Record set.

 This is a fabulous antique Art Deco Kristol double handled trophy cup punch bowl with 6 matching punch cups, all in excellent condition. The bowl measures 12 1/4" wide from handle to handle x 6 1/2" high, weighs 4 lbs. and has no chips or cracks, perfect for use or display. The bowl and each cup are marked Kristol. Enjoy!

---

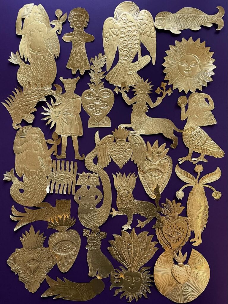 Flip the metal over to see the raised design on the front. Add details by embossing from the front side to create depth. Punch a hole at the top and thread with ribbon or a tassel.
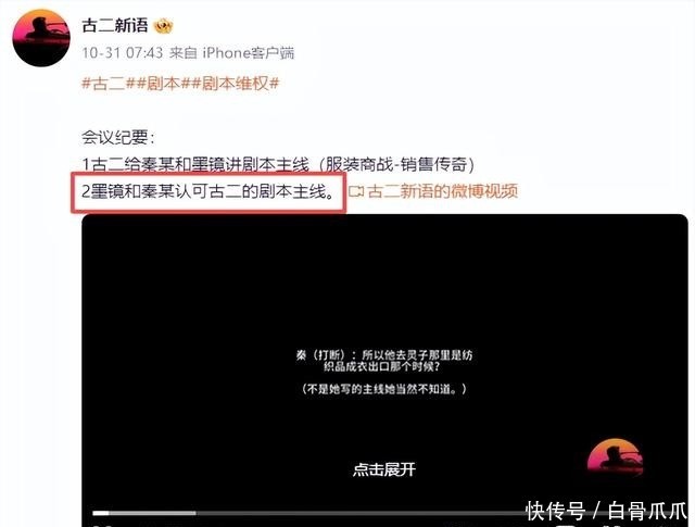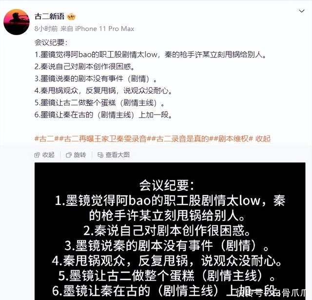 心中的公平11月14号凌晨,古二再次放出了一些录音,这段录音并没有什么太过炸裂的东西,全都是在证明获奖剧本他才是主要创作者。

* * *

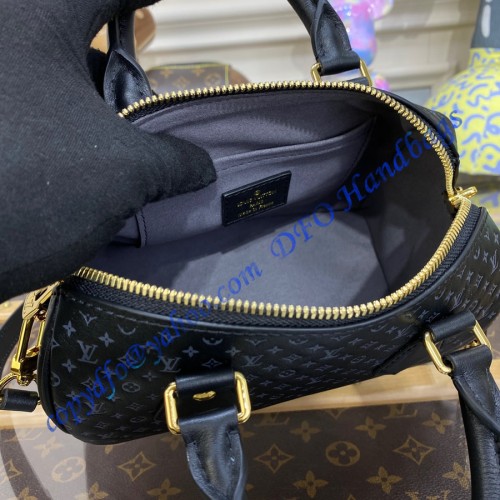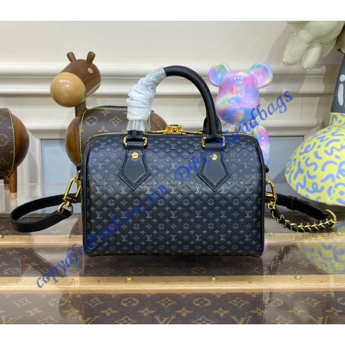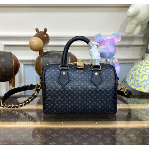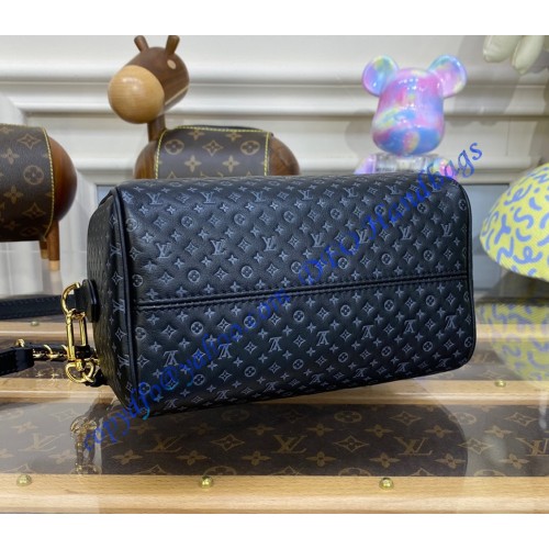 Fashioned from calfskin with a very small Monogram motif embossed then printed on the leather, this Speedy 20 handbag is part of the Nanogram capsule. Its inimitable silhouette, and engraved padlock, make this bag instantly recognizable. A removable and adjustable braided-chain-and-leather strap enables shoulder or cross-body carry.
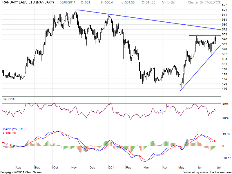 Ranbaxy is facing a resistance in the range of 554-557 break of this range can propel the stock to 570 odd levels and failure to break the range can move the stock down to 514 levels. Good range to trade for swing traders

Exercise prompt.
What are the lines in the records above, word for word, from the one containing "Flip the metal" through the one containing "心中的公平11月14号凌晨,古二再次放出", both ends included and pictures left out?

Exercise result.
 Flip the metal over to see the raised design on the front. Add details by embossing from the front side to create depth. Punch a hole at the top and thread with ribbon or a tassel.
 心中的公平11月14号凌晨,古二再次放出了一些录音,这段录音并没有什么太过炸裂的东西,全都是在证明获奖剧本他才是主要创作者。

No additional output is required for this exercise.